Трансфеминизм считает, что пол, как и гендер, является социальным конструктом, и более того, различие между полом и гендером проведено искусственно, грубо говоря, для удобства. Хотя концепция гендера как социального конструкта доказала свою способность быть мощным инструментом демонтажа традиционных представлений о возможностях женщин, она, тем не менее, оставляет некое место для оправдания определенных дискриминационных политик или структур как имеющих биологическую основу. Эта концепция также не может адекватно описать опыт трансгендерности, в котором биологический пол ощущается более искусственным и подверженным изменениям, нежели внутреннее самоощущение.

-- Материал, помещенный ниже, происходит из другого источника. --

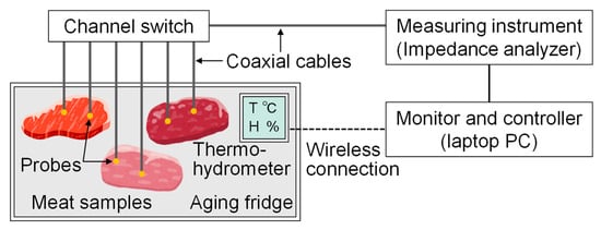 The electrical properties of meat are known to change with protein degradation and changes in water content as aging progresses [16,24], and it may be possible to evaluate meat quality by inputting electromagnetic waves using a probe that contacts or punctures the meat and measuring the response. Figure 1 shows the electromagnetic response measurement system used during meat aging proposed in this study. The system consists of an aging fridge, a thermo-hygrometer, probes, coaxial cables, a channel switch, and an electromagnetic response measuring instrument.
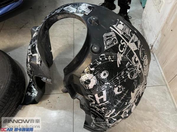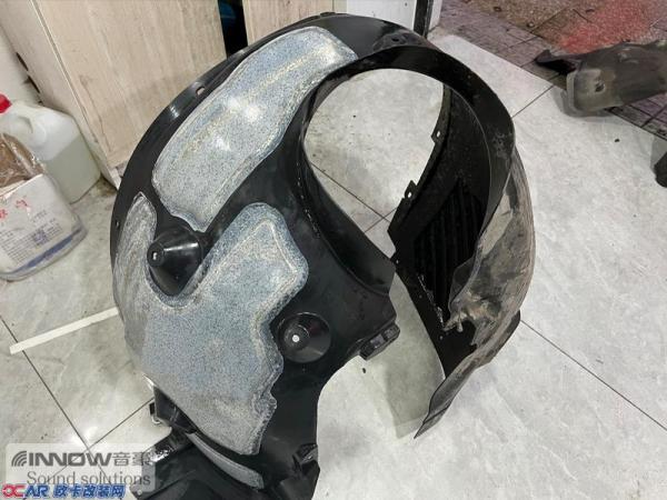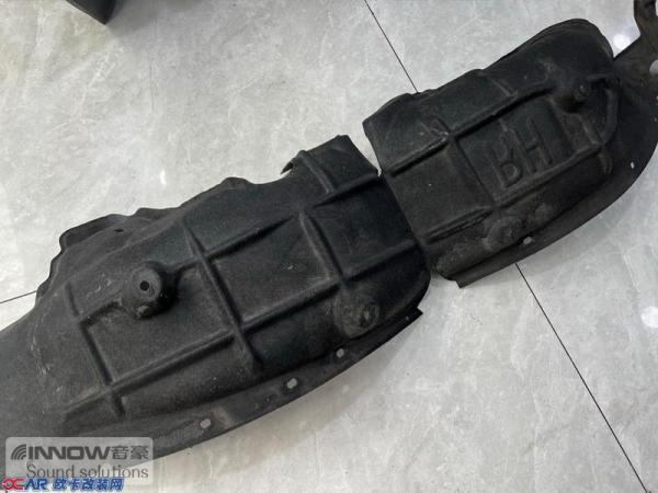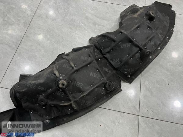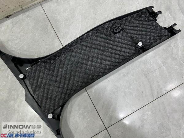 汽车行驶产生的路噪和胎噪,主要通过翼子板处传入到车厢内部。所以技师先使用CSH小炸弹对翼子板做了止振处理,减少了该部位的钣金共振;然后使用AC06棉对翼子板做隔音处理,减少噪声的传播;最后使用NB2棉做吸音处理。不仅如此,就连拆卸下来的翼子板内衬,技师也使用银卫盾对其做了止振处理,多层的施工,阻止了路噪和胎噪的传入。而为了减少外界噪声的传入,就连B柱技师也使用银卫盾和记忆棉,对其做了止振和吸音处理。
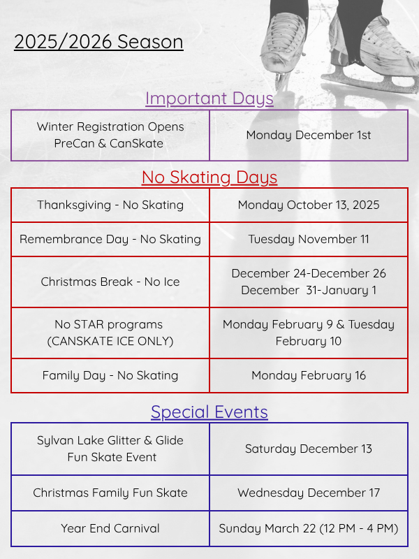 Glitter & Glide Fun Skate for skaters in CanSkate Stage 5 and 6 and Star 1-3. Registration will open for SLFSC skaters October 20 and to surrounding clubs November 1st. Registration will close on November 30.
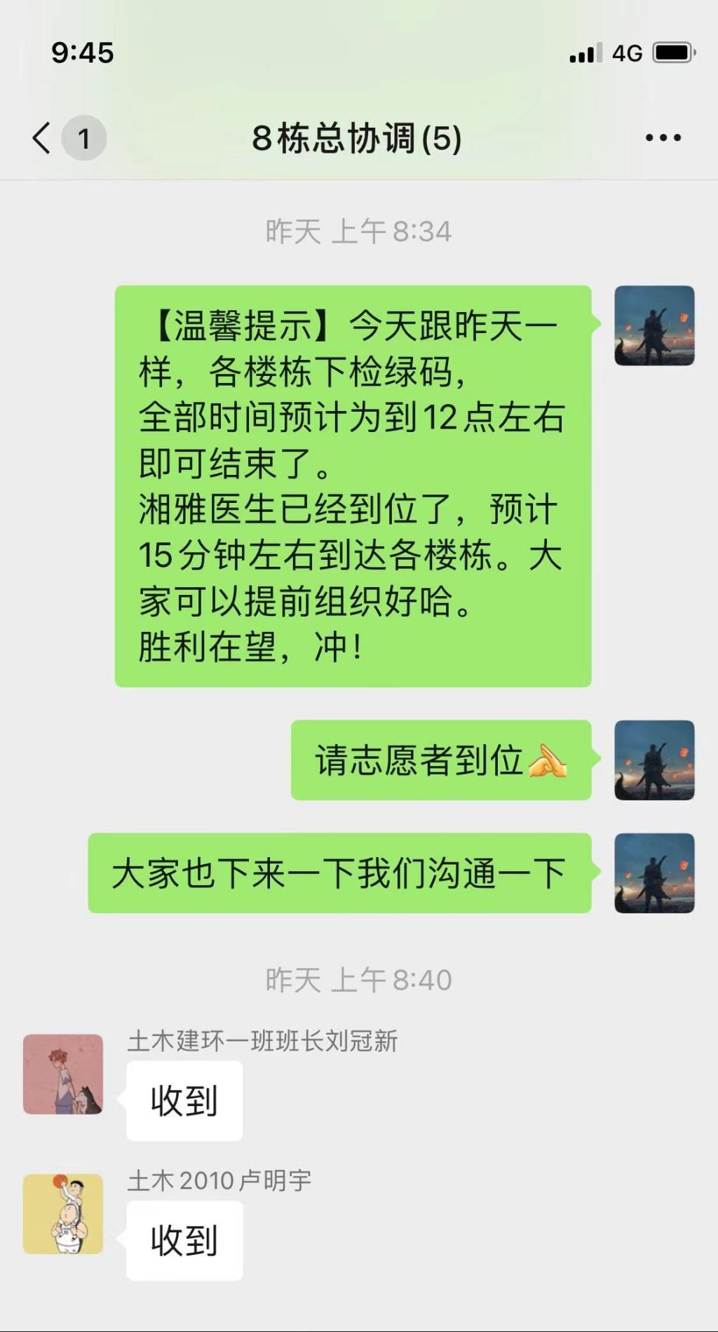 师生同心,其利断金。外国语学院的学生骨干、志愿者们的身影也在一线抗疫的路上,陈梦晴、彭小玲、翟珂、梁云迪、栾奕龙、王爱佳等等一大批外院学子挺身而出,他们协助学院统计数据、为同学派发防疫物资,取餐送餐,他们喊楼提醒打卡.....
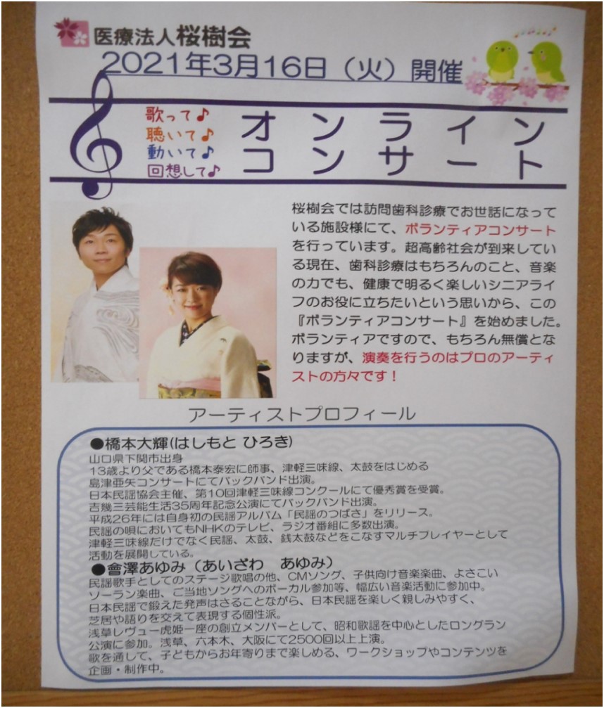 今回の『オンラインコンサート』はいつも訪問歯科でお世話になっている桜樹会様が音楽の力でも健康で明るく楽しいシニアライフの役に立ちたいという思いから、無償でプロのアーティストの方々が演奏を行って下さる『ボランティアコンサート』を始めたとの事で、『ル・レーヴ狭山さくら館』のテレビに来てくださいました。
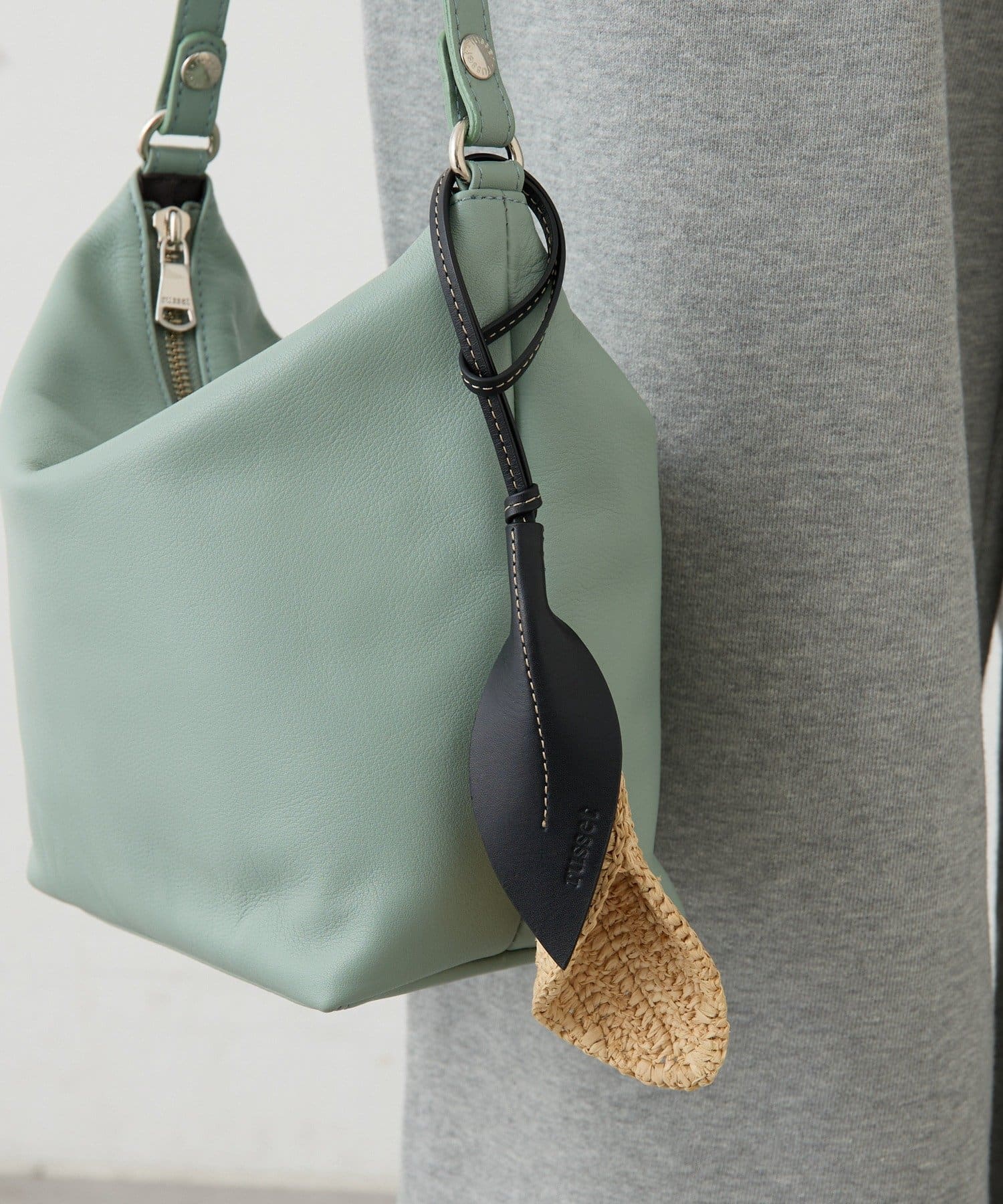 カジュアルなカゴバッグはもちろん、カッチリとしたレザートートとも相性が良く、大人の遊び心を感じさせるアクセントとして活躍します。
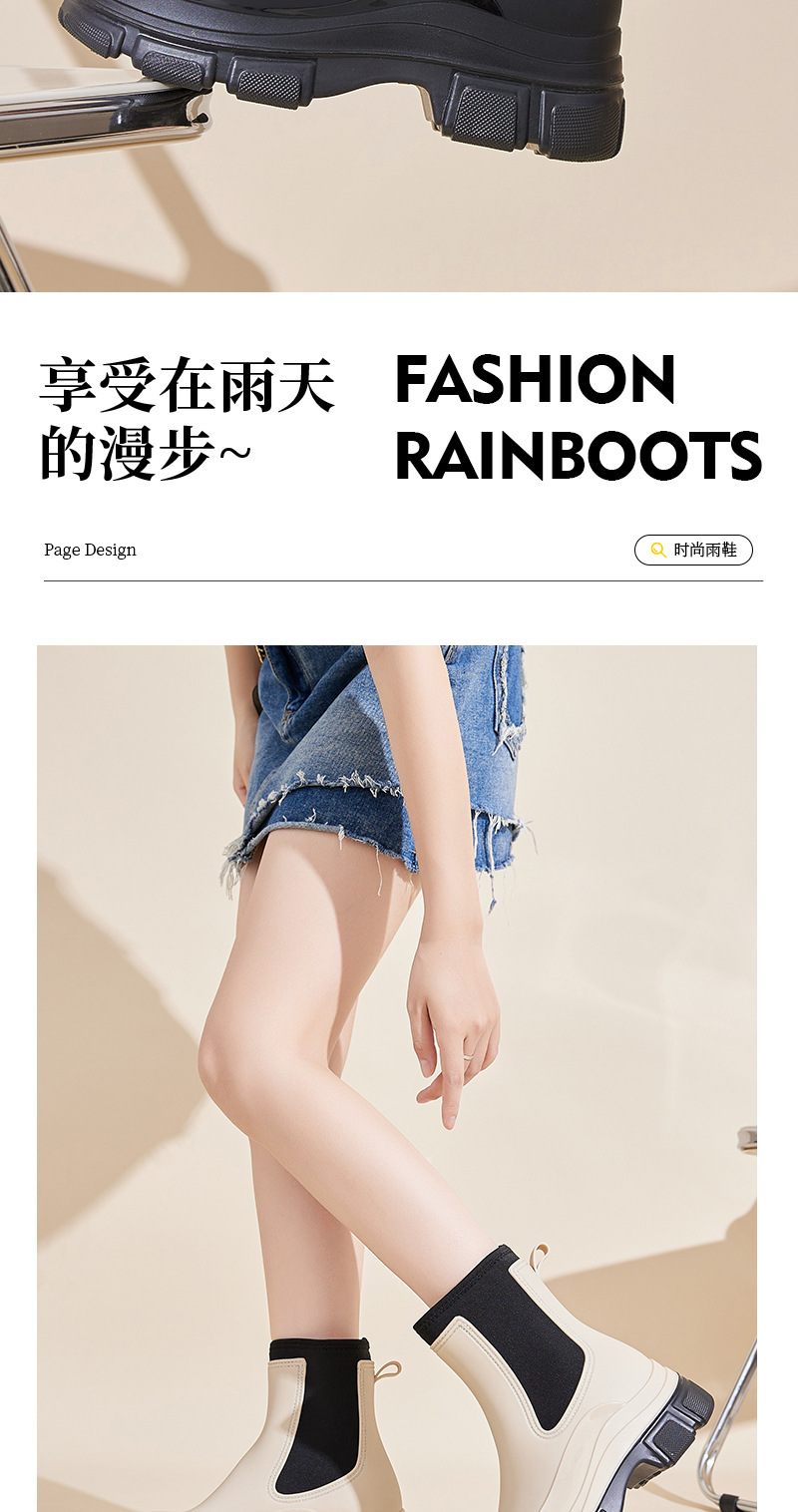 여성용 크로스보더 패션 레인부츠 2025 신상 레인부츠, 키높이 방수화, 첼시 숏부츠, 아웃도어 미끄럼 방지 레인부츠스토어 가기
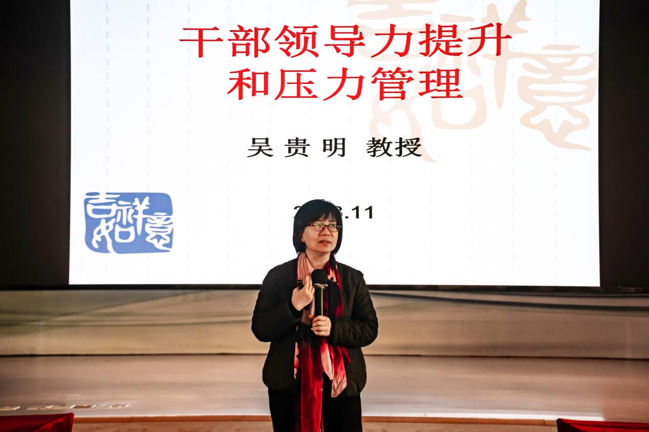 享受国务院特殊津贴专家、二级教授吴贵明作了《干部领导力提升和压力管理》的专题报告。她从决策力的提升、执行力的提升、学习力的提升和压力管理四方面向培训人员分享了自己的管理经验。
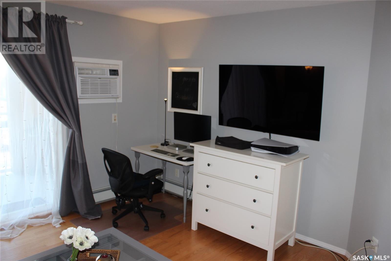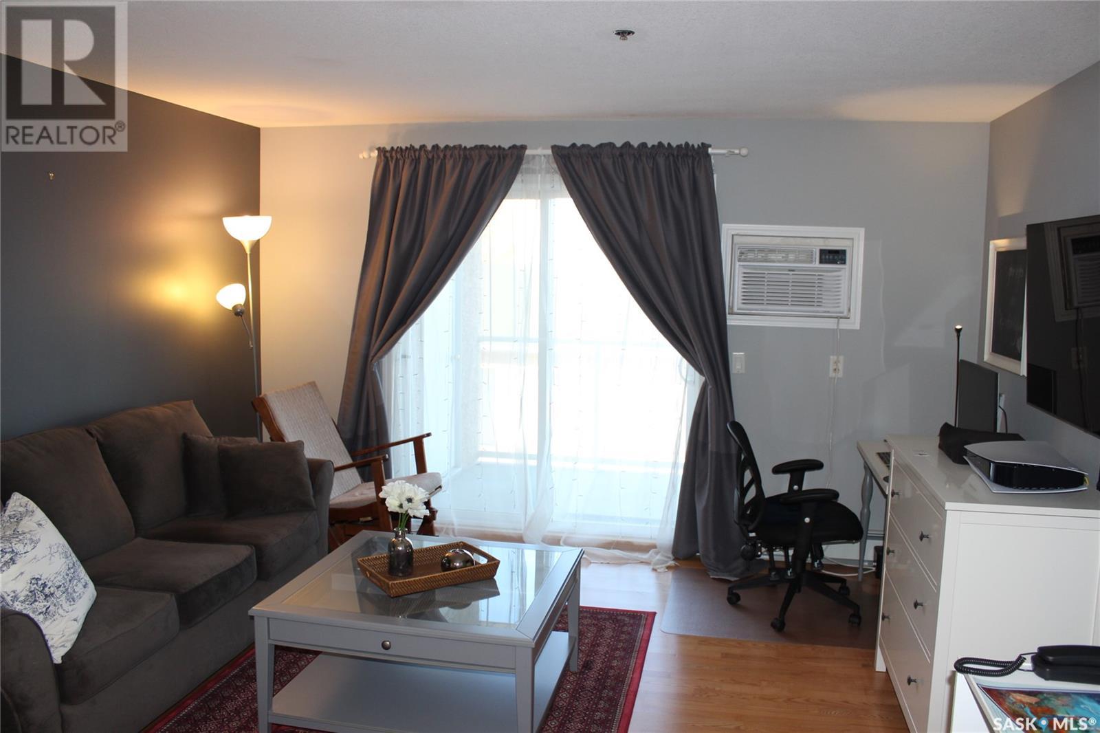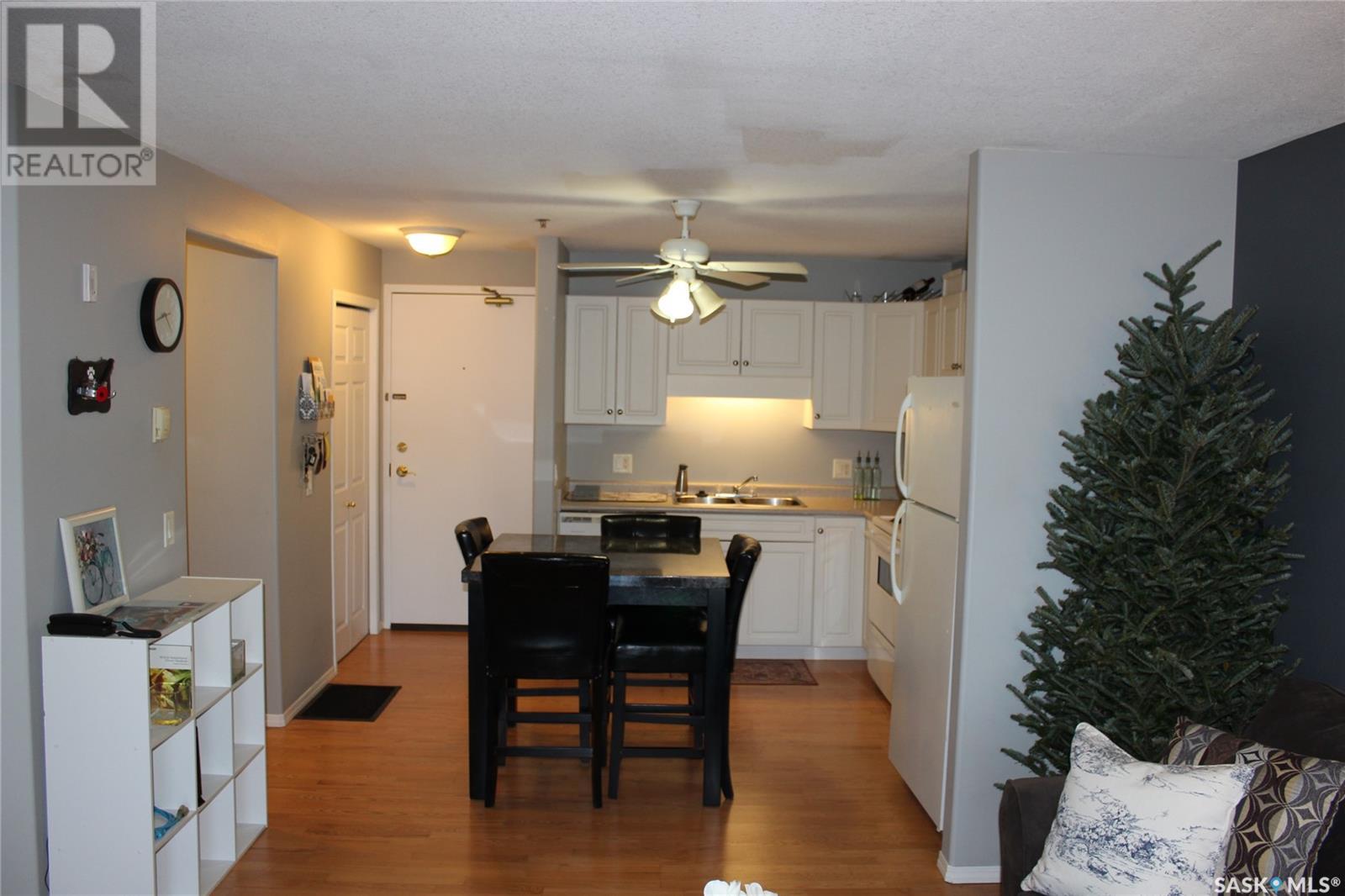 Fantastic opportunity awaits in University Heights with this charming 1-bedroom, 1-bathroom condo on the 2nd floor. Embrace the spacious feel of the open floor plan, complemented by stylish laminate flooring and the comfort of air conditioning. Step out onto the covered balcony, complete with additional storage, offering a perfect retreat. Included with this unit is one electrified parking stall, ensuring convenience in your daily routine. The building boasts an amenities room, providing an excellent space for residents to connect and socialize. Noteworthy is the added benefit of an RBC Assumable Mortgage at an attractive 2.19% rate, in effect until May 2026. Enjoy the advantages of a great location, with proximity to parks, shopping, and a range of amenities. Whether you're a first-time buyer or an astute investor, this property holds immense potential. Seize the opportunity – call today to arrange your personal viewing and envision the lifestyle this condo can offer! (id:22211)
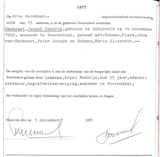 overlijdensakte van Joseph Hendrik Reubsaet op 3 december 1977
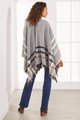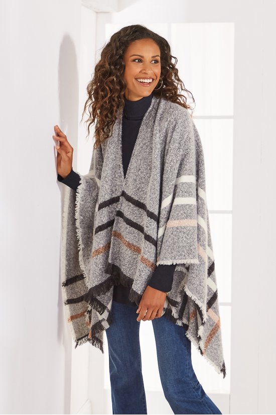 Your chilly weather wardrobe requires this easy wrap, super-soft and subtly textured, lightweight but warm. Patterned with overlapping tan, white, and black stripes on neutral grey, it's finished with fringed edges and an open front.

Социальное конструирование биологического пола это больше, чем абстрактное наблюдение: это физическая реальность, переживаемая многими интерсекс людьми. Поскольку общество не предусматривает существование тех, чьи анатомические характеристики не вписываются четко в категории мужского или женского, таких людей обычно увечат в медицинских учреждениях и принуждают соответствовать приписанному им полу. Интерсекс людям, как правило, не дают возможности самим решать, как они хотят жить, и хотят ли они хирургических или гормональных «коррекций». Многие интерсекс находят ужасным тот факт, что они не имеют права голоса в таком важном вопросе, как соответствие их гендерной идентичности назначенному им полу. Мы считаем, что операции на гениталиях интерсекс детей по своей сути насильственны, так как без необходимости нарушают целостность тел в отсутствие их на то согласия. Вопрос даже не в том, совпадает или нет назначенный человеку пол с ее или его гендерной идентичностью, а в том, дан ли интерсекс людям какой-то реальный выбор в отношении собственных тел.

Транс люди недовольны тем, что им без их согласия приписывают пол для соответствия упрощающим медицинским стандартам.

Трансгендерность разнообразна: кто-то идентифицирует себя с полом, отличным от приписанного медицинской властью, с или без медицинского вмешательства, кто-то вообще не идентифицирует себя с каким-либо полом, либо, напротив — и с мужским, и с женским одновременно.

Транс освобождение — это возвращение права определять себя независимо от медицинской, религиозной и политической власти. Трансфеминизм рассматривает любой способ приписывания пола как сконструированный социально и политически, выступая за такое общественное устройство, в котором можно свободно определять собственный пол (или отсутствие пола, если это имеет место).

По мере того, как транс люди начинают организовываться политически, перед ними встает соблазн принять эссенциалистский взгляд на гендерную идентичность.

Медийное клише утверждает, что транс люди — это либо «женщины, заключенные в мужском теле», либо наоборот. Привлекательность такой стратегии понятна, так как широкой публике проще поддерживать нас, если мы убедим ее, что рождены вследствие биологической ошибки, контроля над которой не имеем. Часто это созвучно нашему личному глубинному самовосприятию. Однако как трансфеминистки мы противостоим таким искушениям из–за их следствий.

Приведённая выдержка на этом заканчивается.